Isso nos traz ao problema básico da vida. É a alma um instrumento para o corpo, ou o é o corpo para a alma? Deveria a alma fazer o que o corpo manda, ou deveria o corpo fazer o que a alma quer? Ambos têm seus apetites e ambos são imperiosos na satisfação de seus desejos. Se agradamos a um, desagradamos ao outro, e vice-versa. Os dois não podem se sentar juntos no banquete da vida.
O desenvolvimento do caráter depende de qual fome e sede cultivamos. Fazer dieta ou jejuar – esse é o problema. Perder a papada para ficar mais bonito aos olhos das criaturas ou perdê-la para manter o corpo domado e sempre obediente às exigências espirituais da alma - essa é a questão. O quanto um homem vale pode medir-se pelos seus desejos.
Diz-me quais as tuas fomes e as tuas sedes, e eu te direi quem és. Tens fome de dinheiro mais que de misericórdia? De riquezas mais que de virtudes? De poder mais que de serviço? Então, és um egoísta, mimado e orgulhoso. Tens sede mais do vinho da vida eterna que do prazer? Do bem dos pobres mais que dos favores dos ricos? De almas mais que dos primeiros lugares às mesas? Então, és um cristão humilde.
A grande pena é que muitos se preocupam tanto com o corpo que descuidam da alma, e ao descuidarem da alma perdem o apetite para o espiritual. Assim como é possível, no âmbito psicológico, que alguém perca todo o apetite por comida, assim também é possível, no âmbito espiritual, que alguém perca todo o desejo pelo sobrenatural. Gulosas do perecível, essas pessoas tomam-se indiferentes ao eterno. Como ouvidos surdos, mortos para o ambiente da harmonia musical, e olhos cegos, mortos para o ambiente de beleza, assim almas tortas tomam-se mortas a para o ambiente do divino. Darwin nos diz na sua autobiografia que, no seu amor pelo biológico, perdeu todo o gosto que tivera pela poesia e pela música, e que lamentou essa perda todos os dias da sua vida. Nada insensibiliza tanto a capacidade para o espiritual como a dedicação excessiva ao material.
Um amor exagerado ao dinheiro destrói todo o sentido do valor; um amor excessivo pela carne mata os valores do espírito. Chega então o momento em que tudo parece se rebelar contra as leis mais altas do nosso ser.
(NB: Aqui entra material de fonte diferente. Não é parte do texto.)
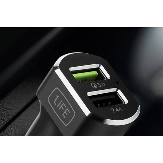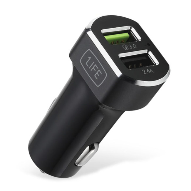 1Life pa:dual USB auto é um adaptador auto USB com duas portas de carregamento, incluindo uma porta compatível com Quick Charge™.

Como diz o poeta: "Todas as coisas te traem a ti, que me trais". A natureza é tão leal a seu Criador que ela sempre termina por ser desleal para com aqueles que abusam dela. "Uma veracidade traidora e um engano leal" é a melhor descrição poética disto, porque, em fidelidade a Deus, ela sempre será instável para conosco.
A quinta palavra de Cristo na Cruz é o apelo de Deus ao coração humano para que busque a sua satisfação somente nas fontes que podem satisfazer. Deus não pode obrigar os homens a terem sede do que é sagrado em vez de daquilo que é vil, ou do divino em vez do humano, por isso seu pedido é uma simples afirmação: "Tenho sede”, significando: "Tenho sede de que tenham sede de Mim”... E a sua sede é a nossa salvação.
Uma dupla recomendação esconde-se neste sermão pregado a partir da Cruz: a primeira é que mortifiquemos a fome e a sede corporais; a segunda, que cultivemos a fome e a sede espirituais.
Devemos mortificar a fome e a sede corporais, não porque a carne é má, mas porque convém que o espírito sempre exerça domínio sobre ela, para que assim ela não se torne uma tirana. Muito além de evitar qualquer excesso, a Cruz exige que minimizemos os nossos gastos com luxo em favor dos pobres. Quantos alguma vez pensam em abster-se de um jantar sofisticado ou de uma ida ao teatro com os amigos por simpatia e afeição genuínas pelos pobres de Cristo? O ricaço da parábola (Lc 16,19ss.) não o fez, e perdeu a sua alma por conta desse esquecimento. Quantos, em circunstâncias mais apertadas, até se negam o prazer de assistir a um filme por mês para depositar o equivalente da entrada na caixa dos pobres, a fim de que Ele, que vê em segredo, possa recompensá-los em segredo?
Não há a menor dúvida de que Deus nos aconselha a continência desses apetites corporais. Em certa ocasião, quando Nosso Senhor foi convidado a uma refeição em casa de um principal entre os fariseus, Ele se dirigiu ao anfitrião dizendo: "Quando deres uma ceia, não convides os teus amigos, nem os teus irmãos, nem os parentes, nem os vizinhos ricos, porque eles também te convidarão, por sua vez, e assim te retribuirão. Mas, quando deres uma ceia convida os pobres, os aleijados, os coxos e os cegos. E serás feliz, porque eles não têm com que te retribuir, e assim terás a retribuição na ressurreição dos justos" (Lc 14, 12-14).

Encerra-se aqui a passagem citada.